Resellers are unlikely to be investing in these products to grow your brand on Amazon and increase your profits. The only way to do that is to start a brand store on Amazon and sell directly.
Resellers have a part to play in a global retail strategy. They should be used to build reach and distribution into channels that you otherwise wouldn’t be able to gain access to.
Amazon doesn’t fit that description.

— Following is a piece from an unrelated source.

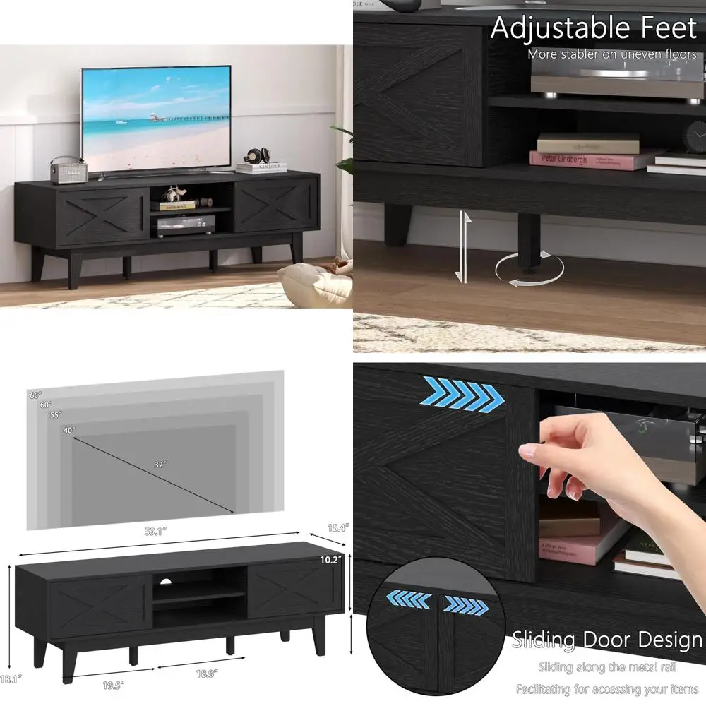 Rustic Farmhouse Style TV Stand with Sliding Doors and Storage for 55-65 Inch TVs, Entertainment Center with Shelves $91.61
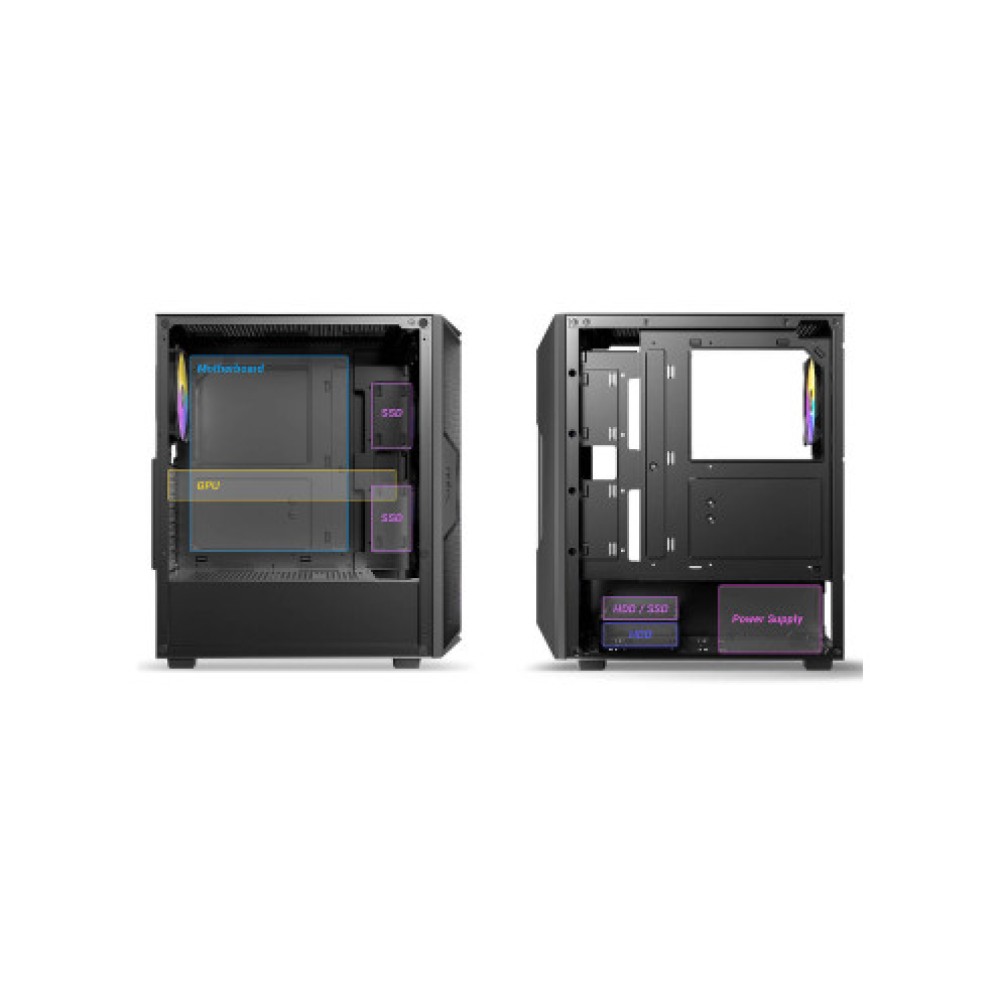 | NotesMaximum GPU Length ≤ 320 mm | Thermal DesignIncluded ARGB Fans: Front & Rear 4x120mm | Front PortsUSB 2.0 \ USB 3.0 \ Earphone/Mic \ RGB Controller |

It’s built to be accessible to any manufacturer or brand. Amazon provides the reach and customers. Resellers are then simply ‘taking’ profit that a brand could easily take for themselves.
The ease with which brands can sell globally on Amazon means that you don’t need big teams to manage sales on Amazon. Yes, you need some expertise to navigate Amazon, to make the right strategic decisions and to market the products but these are not roles that a reseller can fulfil.
Partner with an agency that can act on your behalf or recruit a team (or a hybrid model). This will enable you to take advantage of Amazon’s phenomenal audience size and to do so in a way that is highly profitable.